QUOTE (saltandlight123 @ Oct 5 2011, 04:42 PM)
Hi,
I'll try to keep this brief. I have never ever been on an online forum before and it feels a bit odd but I really am at the end of my rope and sadly nobody in my life understands. I am being what I can only be described as bullied by someone that is at my church. its been going on since I was 11 and I am now 23 and a junior doctor and yet I get upset to the point of being sick by one individual in my church. It is so so hard to put into words the actions of this girl who is the same age as me and we have a warped almost friendship where we are facebook friends and spend time together yet she consistently undermines me, tries to catch me out, spreads rumours and is so passively agressive towards me. her family play a huge role in our church and although i have just entered into some church leadership i am scared to be involved in anything because i know she will rip me to shreds in private.

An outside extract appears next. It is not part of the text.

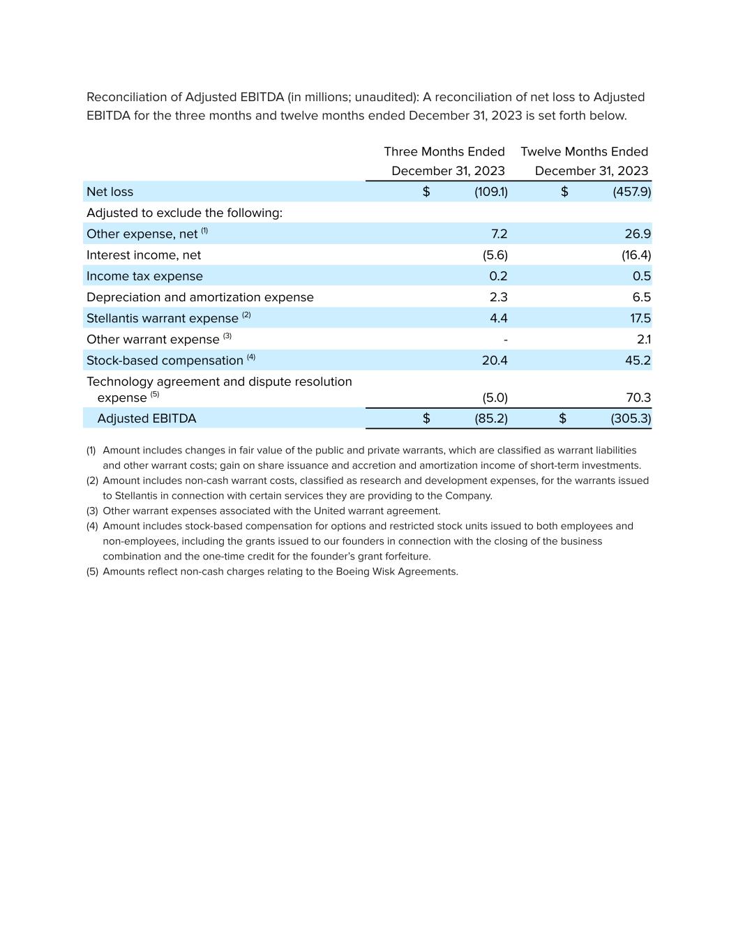 Reconciliation of Adjusted EBITDA (in millions; unaudited): A reconciliation of net loss to Adjusted EBITDA for the three months and twelve months ended December 31, 2023 is set forth below. Three Months Ended December 31, 2023 Twelve Months Ended December 31, 2023 Net loss $ (109.1) $ (457.9) Adjusted to exclude the following: Other expense, net (1) 7.2 26.9 Interest income, net (5.6) (16.4) Income tax expense 0.2 0.5 Depreciation and amortization expense 2.3 6.5 Stellantis warrant expense (2) 4.4 17.5 Other warrant expense (3) - 2.1 Stock-based compensation (4) 20.4 45.2 Technology agreement and dispute resolution expense (5) (5.0) 70.3 Adjusted EBITDA $ (85.2) $ (305.3) (1) Amount includes changes in fair value of the public and private warrants, which are classified as warrant liabilities and other warrant costs; gain on share issuance and accretion and amortization income of short-term investments. (2) Amount includes non-cash warrant costs, classified as research and development expenses, for the warrants issued to Stellantis in connection with certain services they are providing to the Company. (3) Other warrant expenses associated with the United warrant agreement. (4) Amount includes stock-based compensation for options and restricted stock units issued to both employees and non-employees, including the grants issued to our founders in connection with the closing of the business combination and the one-time credit for the founder’s grant forfeiture. (5) Amounts reflect non-cash charges relating to the Boeing Wisk Agreements.

I know this sounds so easy: ignore her! Confront her! But for some reason after 12 years she has backed me into a corner where I actually sounds crazy and paranoid if i say anything. My own family just tell me to simply ignore her and this really upsets me. I keep over reacting to what is in comparison very small things but i cannot help it. Eughh im even having trouble putting it into words on here how much this girl scares me and it makes me sick to even go on facebook as i know there will be another nasty update written about me but without mentioning my actual name! ahh im meant to be a qualified doctor and I am sounding crazy!!! can someone please give me some advice :s
Sorry about your ordeal. As you are maturing, and understand that this person is a blight in your life, who is demeaning you for her own pleasure, you will realize that you as an adult have to make important choices. You will not be able to change this person, but continue to pray for her. Do not stoop to haiting her, you are better than that. I think you should not at all be hesitant nor afraid to set limits and boundaries as to who you will allow into your life. Learn the lesson here, this person is a closed book; you will gain nothing but trouble by trying to confront or change her. Carefully, firmly and consistently disengage this person out of your life. This person's opinions of you, should not be allowed to rule your life. You are at an important portion of your life in establishing yourself- go on about the business of serving God, not just in your local church. You might even find it helpful to join a different group. Stop reading or taking in her negatives. God bless you, and I will be praying for good Christian friends in your life that you will bless and be blessed of the same.